#### DATA:
----

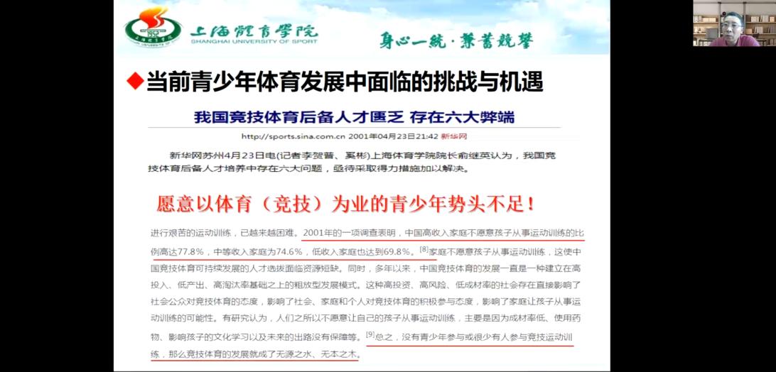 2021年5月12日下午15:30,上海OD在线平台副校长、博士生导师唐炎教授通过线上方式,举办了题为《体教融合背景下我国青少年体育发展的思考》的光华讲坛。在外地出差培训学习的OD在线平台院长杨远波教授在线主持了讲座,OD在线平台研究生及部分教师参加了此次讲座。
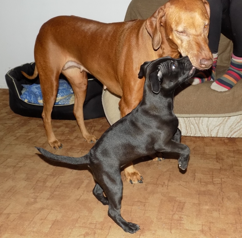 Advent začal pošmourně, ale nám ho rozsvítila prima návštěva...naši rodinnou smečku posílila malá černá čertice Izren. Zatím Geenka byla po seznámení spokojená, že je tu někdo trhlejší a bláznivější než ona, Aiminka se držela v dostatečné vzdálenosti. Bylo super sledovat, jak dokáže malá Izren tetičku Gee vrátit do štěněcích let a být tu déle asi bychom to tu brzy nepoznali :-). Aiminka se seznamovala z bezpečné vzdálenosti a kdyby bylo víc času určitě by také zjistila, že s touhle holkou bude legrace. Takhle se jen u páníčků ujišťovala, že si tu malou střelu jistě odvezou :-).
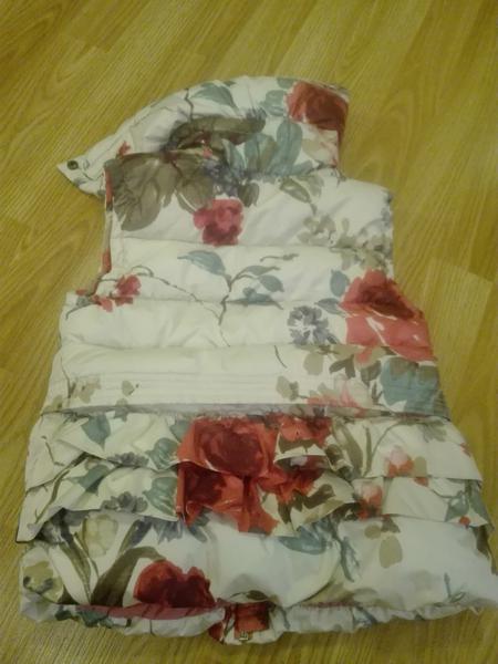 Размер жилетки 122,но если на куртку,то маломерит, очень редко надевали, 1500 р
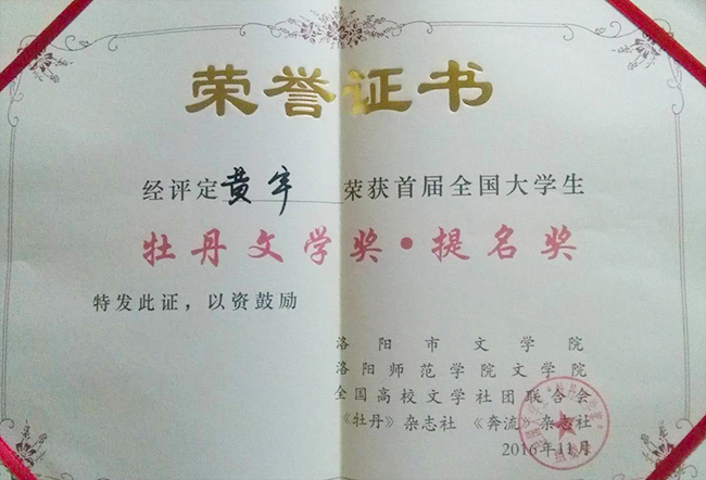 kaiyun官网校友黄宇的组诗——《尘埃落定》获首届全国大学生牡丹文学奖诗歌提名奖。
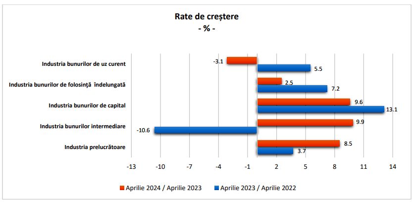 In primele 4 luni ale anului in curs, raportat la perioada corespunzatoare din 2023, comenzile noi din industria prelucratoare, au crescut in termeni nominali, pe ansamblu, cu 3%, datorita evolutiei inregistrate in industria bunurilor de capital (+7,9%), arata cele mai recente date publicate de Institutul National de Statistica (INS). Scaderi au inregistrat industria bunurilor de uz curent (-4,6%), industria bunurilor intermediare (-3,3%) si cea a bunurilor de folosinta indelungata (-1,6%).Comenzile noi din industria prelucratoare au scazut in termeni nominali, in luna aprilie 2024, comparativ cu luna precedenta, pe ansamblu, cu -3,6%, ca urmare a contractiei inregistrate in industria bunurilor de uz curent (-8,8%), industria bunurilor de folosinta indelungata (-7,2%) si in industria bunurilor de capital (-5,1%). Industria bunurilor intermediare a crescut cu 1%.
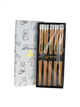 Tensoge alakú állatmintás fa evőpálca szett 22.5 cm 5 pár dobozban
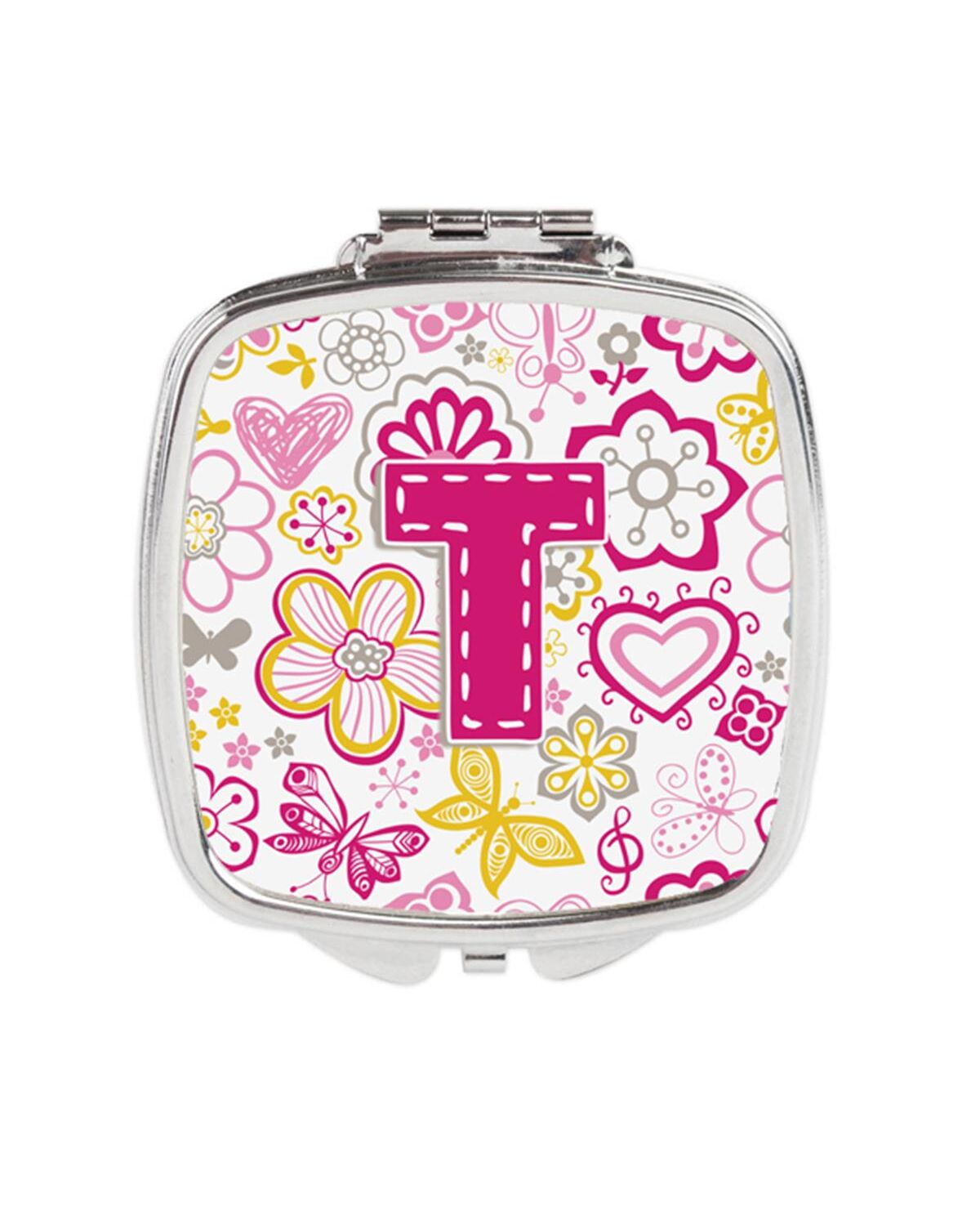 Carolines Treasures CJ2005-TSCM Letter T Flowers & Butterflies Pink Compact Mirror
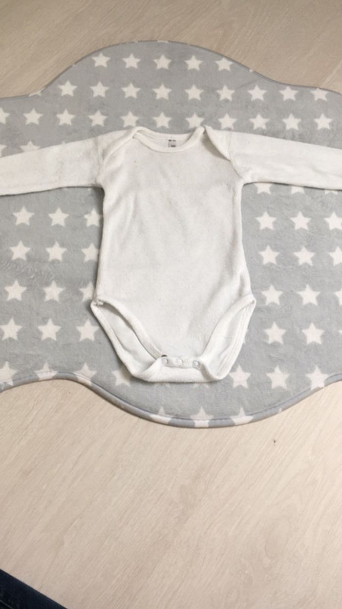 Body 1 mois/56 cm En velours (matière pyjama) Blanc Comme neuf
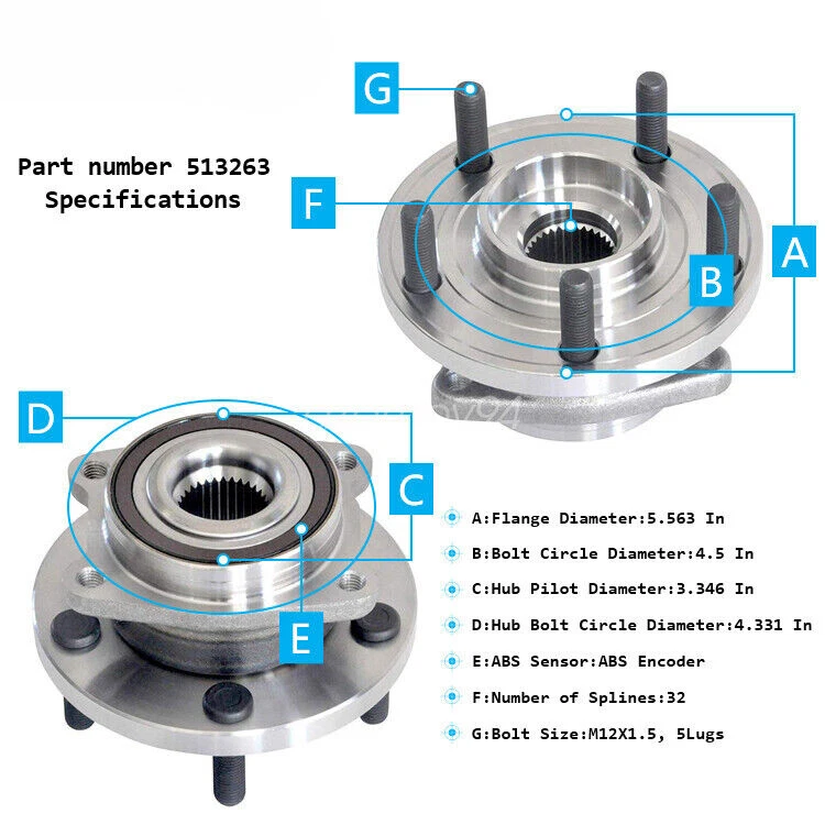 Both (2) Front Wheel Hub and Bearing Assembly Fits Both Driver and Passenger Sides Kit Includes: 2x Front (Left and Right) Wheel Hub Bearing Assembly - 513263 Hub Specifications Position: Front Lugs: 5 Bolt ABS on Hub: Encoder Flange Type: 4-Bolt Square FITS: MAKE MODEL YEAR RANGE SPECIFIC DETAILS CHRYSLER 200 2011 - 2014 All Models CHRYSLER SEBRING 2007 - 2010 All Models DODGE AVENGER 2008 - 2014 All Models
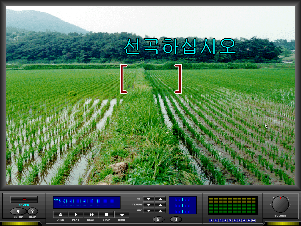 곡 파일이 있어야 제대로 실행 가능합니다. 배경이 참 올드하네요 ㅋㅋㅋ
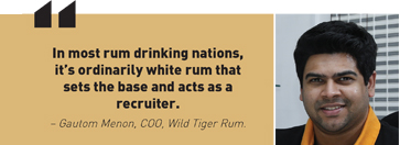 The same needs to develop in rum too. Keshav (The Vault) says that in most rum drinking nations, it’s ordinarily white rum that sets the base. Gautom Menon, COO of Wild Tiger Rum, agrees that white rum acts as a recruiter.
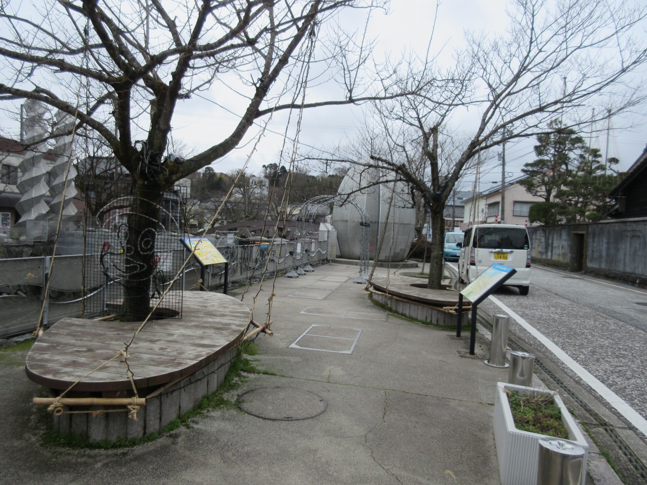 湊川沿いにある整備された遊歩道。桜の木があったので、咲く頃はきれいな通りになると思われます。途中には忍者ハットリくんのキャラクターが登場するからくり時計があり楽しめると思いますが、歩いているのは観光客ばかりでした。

----

#### REQUIRED ACTION:
Images in the data above are to be skipped. Retype all other material exactly.

#### TASK RESULT:
 2021年5月12日下午15:30,上海OD在线平台副校长、博士生导师唐炎教授通过线上方式,举办了题为《体教融合背景下我国青少年体育发展的思考》的光华讲坛。在外地出差培训学习的OD在线平台院长杨远波教授在线主持了讲座,OD在线平台研究生及部分教师参加了此次讲座。
 Advent začal pošmourně, ale nám ho rozsvítila prima návštěva...naši rodinnou smečku posílila malá černá čertice Izren. Zatím Geenka byla po seznámení spokojená, že je tu někdo trhlejší a bláznivější než ona, Aiminka se držela v dostatečné vzdálenosti. Bylo super sledovat, jak dokáže malá Izren tetičku Gee vrátit do štěněcích let a být tu déle asi bychom to tu brzy nepoznali :-). Aiminka se seznamovala z bezpečné vzdálenosti a kdyby bylo víc času určitě by také zjistila, že s touhle holkou bude legrace. Takhle se jen u páníčků ujišťovala, že si tu malou střelu jistě odvezou :-).
 Размер жилетки 122,но если на куртку,то маломерит, очень редко надевали, 1500 р
 kaiyun官网校友黄宇的组诗——《尘埃落定》获首届全国大学生牡丹文学奖诗歌提名奖。
 In primele 4 luni ale anului in curs, raportat la perioada corespunzatoare din 2023, comenzile noi din industria prelucratoare, au crescut in termeni nominali, pe ansamblu, cu 3%, datorita evolutiei inregistrate in industria bunurilor de capital (+7,9%), arata cele mai recente date publicate de Institutul National de Statistica (INS). Scaderi au inregistrat industria bunurilor de uz curent (-4,6%), industria bunurilor intermediare (-3,3%) si cea a bunurilor de folosinta indelungata (-1,6%).Comenzile noi din industria prelucratoare au scazut in termeni nominali, in luna aprilie 2024, comparativ cu luna precedenta, pe ansamblu, cu -3,6%, ca urmare a contractiei inregistrate in industria bunurilor de uz curent (-8,8%), industria bunurilor de folosinta indelungata (-7,2%) si in industria bunurilor de capital (-5,1%). Industria bunurilor intermediare a crescut cu 1%.
 Tensoge alakú állatmintás fa evőpálca szett 22.5 cm 5 pár dobozban
 Carolines Treasures CJ2005-TSCM Letter T Flowers & Butterflies Pink Compact Mirror
 Body 1 mois/56 cm En velours (matière pyjama) Blanc Comme neuf
 Both (2) Front Wheel Hub and Bearing Assembly Fits Both Driver and Passenger Sides Kit Includes: 2x Front (Left and Right) Wheel Hub Bearing Assembly - 513263 Hub Specifications Position: Front Lugs: 5 Bolt ABS on Hub: Encoder Flange Type: 4-Bolt Square FITS: MAKE MODEL YEAR RANGE SPECIFIC DETAILS CHRYSLER 200 2011 - 2014 All Models CHRYSLER SEBRING 2007 - 2010 All Models DODGE AVENGER 2008 - 2014 All Models
 곡 파일이 있어야 제대로 실행 가능합니다. 배경이 참 올드하네요 ㅋㅋㅋ
 The same needs to develop in rum too. Keshav (The Vault) says that in most rum drinking nations, it’s ordinarily white rum that sets the base. Gautom Menon, COO of Wild Tiger Rum, agrees that white rum acts as a recruiter.
 湊川沿いにある整備された遊歩道。桜の木があったので、咲く頃はきれいな通りになると思われます。途中には忍者ハットリくんのキャラクターが登場するからくり時計があり楽しめると思いますが、歩いているのは観光客ばかりでした。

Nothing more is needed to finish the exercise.